Our Lady’s Hospital, as is common practice in all hospitals, does not comment on individual cases. However, it did provide the following statement in relation to what generally happens when a patient in their care turns 16, and requires ongoing medical care.

“There is an individual approach to care planning for all existing patients once they reach 16 years of age. Given the complexity of illness and paediatric needs for some children, not all children will transfer home or transition to adult services at 16 years of age. The most suitable location for a child will depend on a child’s individual needs. These patient’s needs are outlined by the hospital’s multi-disciplinary team in order for a suitable place of care to be arranged by the HSE, Tusla or other appropriate healthcare facilities.

“The responsibility for finding an environment suitable to meet the individual needs of a patient requiring a non-acute care setting is the responsibly of the HSE. If the patient is suitable for care in the home setting, this responsibility lies with the parents, supported by the State.”

24-hour care

As Morgan’s case stands now, Slevin has completed her assessment with the HSE for a homecare package, and is awaiting the results. She is hopeful of receiving 24-hour care for Morgan. However, as the family are currently homeless, no potential HSE package can be put in place until a home is found for them.

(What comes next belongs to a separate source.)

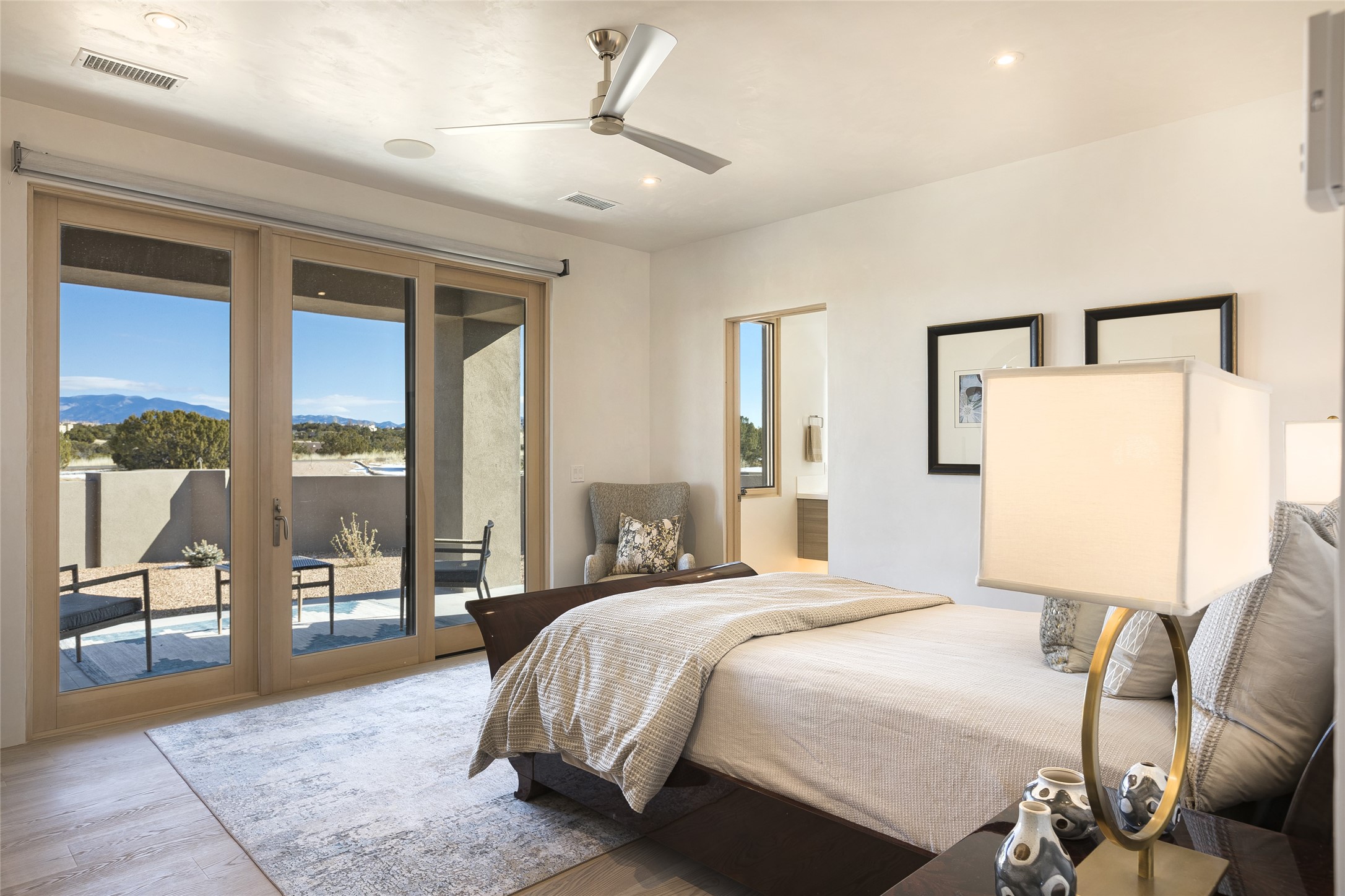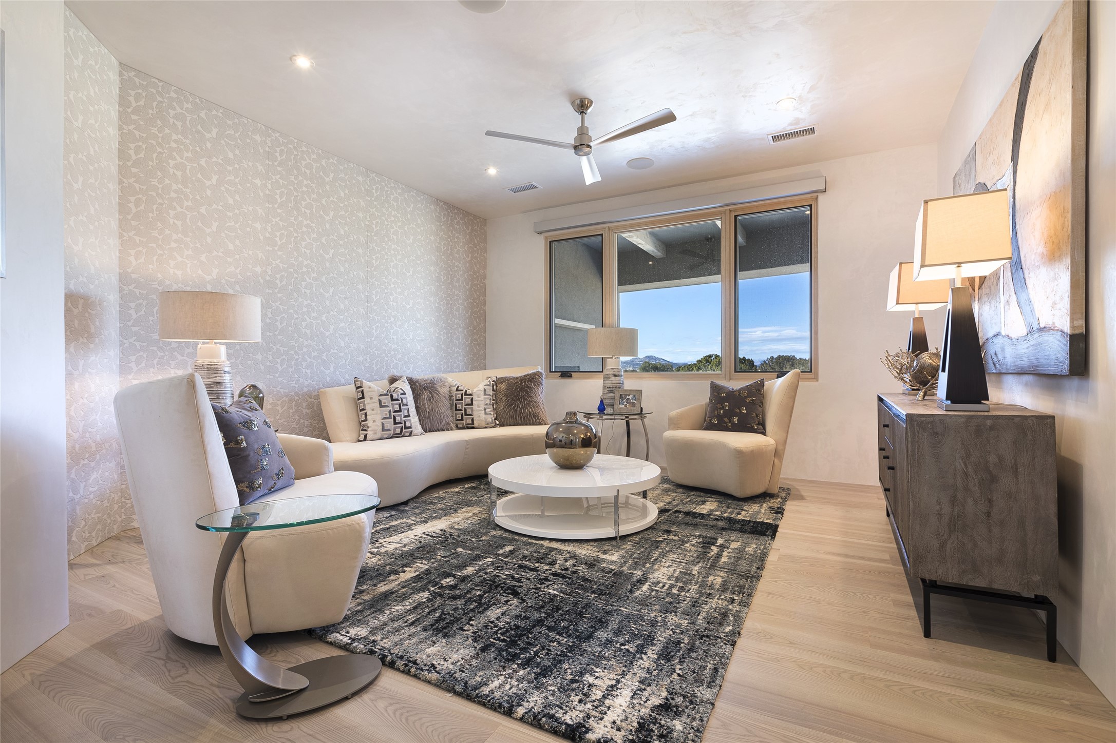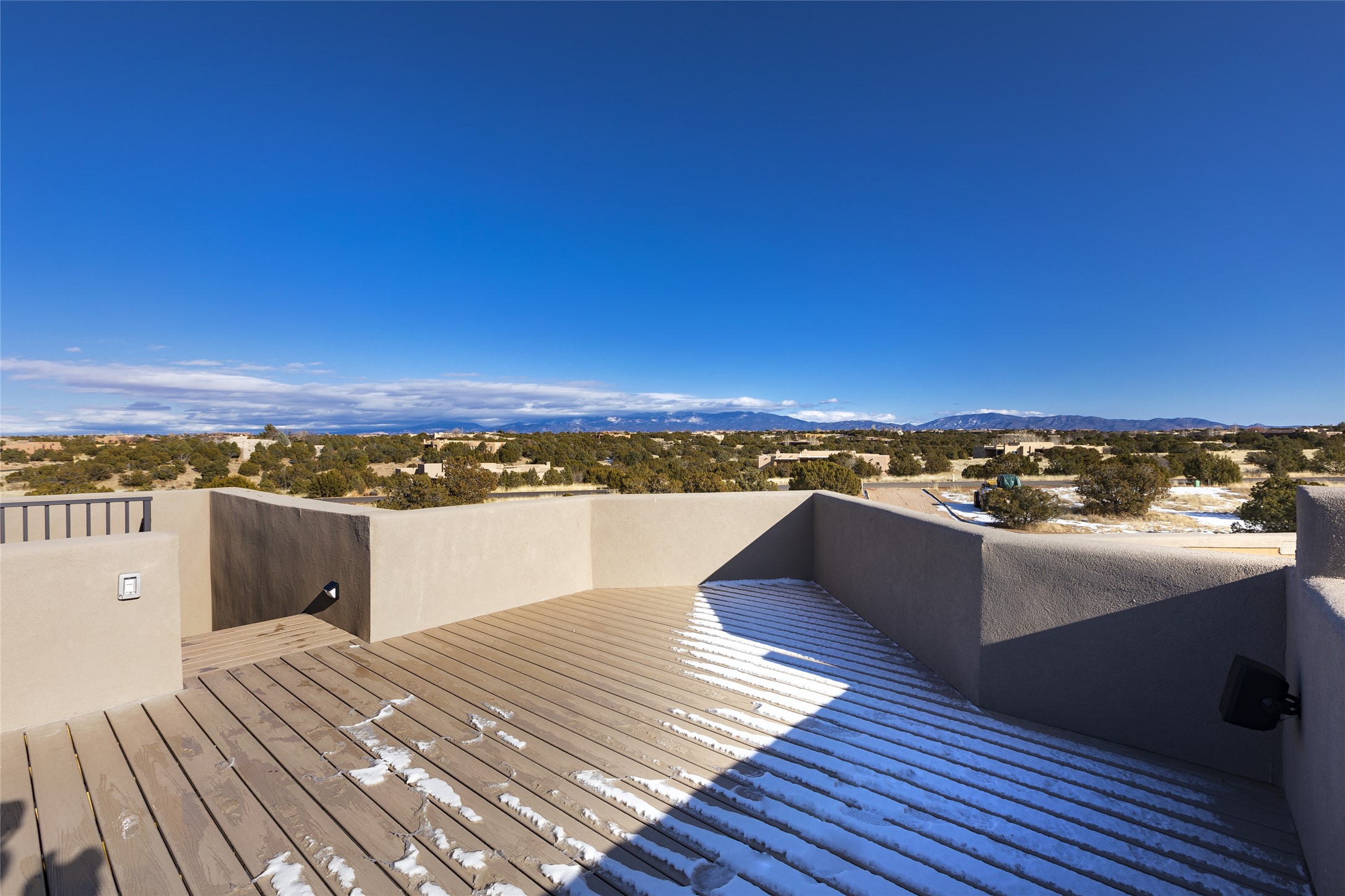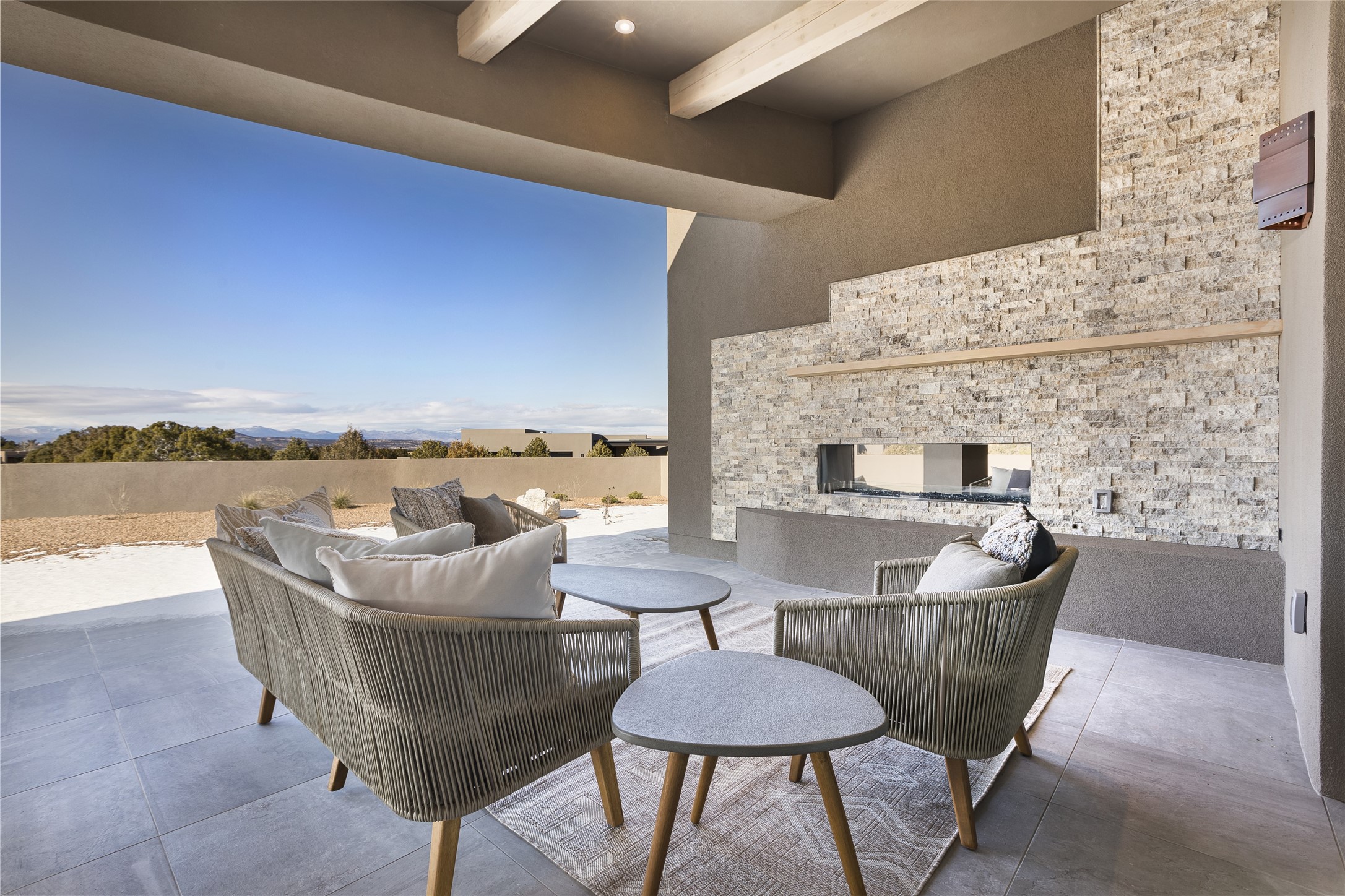 Las Campanas luxury at its finest. This rare, triumphant 2022-built Tour de Force residence excites with the ultimate blend of sophisticated design and spectacular Sunset Golf Course, Jemez Mountain, sunset, and Sangre de Cristo Mountain views. Thoughtfully designed, this exceptional residence offers an ideal entertainment experience with expansive interior and exterior entertainment areas. Privately accessed through a front entrance courtyard with a tranquil water feature, this exquisite home offers a professional designer chef's island kitchen with Wolf and Subzero appliances, a walk-in pantry, breakfast bar, and custom cabinetry. The open concept living areas include a spacious living and dining room with dramatic Jemez Mountain and golf course views, fireplace with stacked stone accents, and back portal access. The owner's suite offers golf course views, fireplace, portal access, and a spacious spa-like bath with a sauna, soaking tub, custom shower, dual vanities, and dual closets. Adjacent to the owner's suite is a private office or ideal exercise room. Guests enjoy true independence with a separate guest wing which offers two spacious ensuite bedrooms with private entrances, separated by a secondary office or living room. Luxury finishes include a roof top deck, white oak hardwood and porcelain flooring throughout, plaster walls, a Sonos sound system, built-in BBQ, designer landscape, and a 3 car garage with a heated 3rd bay.

That will be the responsibility of whichever Dublin County Council housing sector Slevin submits her application to: she intends to submit to South Dublin County Council (SDCC).

Muriel Slevin with her son Morgan D’Arcy at Our Lady’s Children’s Hospital, Crumlin: “We are each other’s world . . . Morgan has had me by his side his whole life.” Photograph:  Tom Honan
Muriel Slevin with her son Morgan D’Arcy at Our Lady’s Children’s Hospital, Crumlin: “We are each other’s world . . . Morgan has had me by his side his whole life.” Photograph: Tom Honan

Due to Morgan’s physical needs, any future home for the two of them needs to be wheelchair-accessible. “I just want us to have a home life again,” she says. “To close the door of our own home and be normal for a few hours.”

Slevin is currently preparing her housing application to SDCC, which will include a number of medical reports for Morgan, to illustrate his needs. As the HSE and SDCC are two different State services, she worries it will take a long time to process the case.

In the meantime, as Morgan is past 16, and been deemed well enough to continue to be cared for in a setting other than Our Lady’s Hospital, Slevin fears he could be transferred to an adult service in another hospital, where there is no parental accommodation. She is with him most days from 7am to late in the evening, and actively participates in his nursing care.

At the end of our time together, I ask when was the last time Slevin did something solely for herself. All our conversation over several hours has centred exclusively on Morgan.

She struggles to think. “Lunch with a friend when it was my birthday,” she eventually comes up with, but it takes the best part of a minute before she can produce that one example. “We are each other’s world,” Slevin says. “Morgan has had me by his side his whole life.”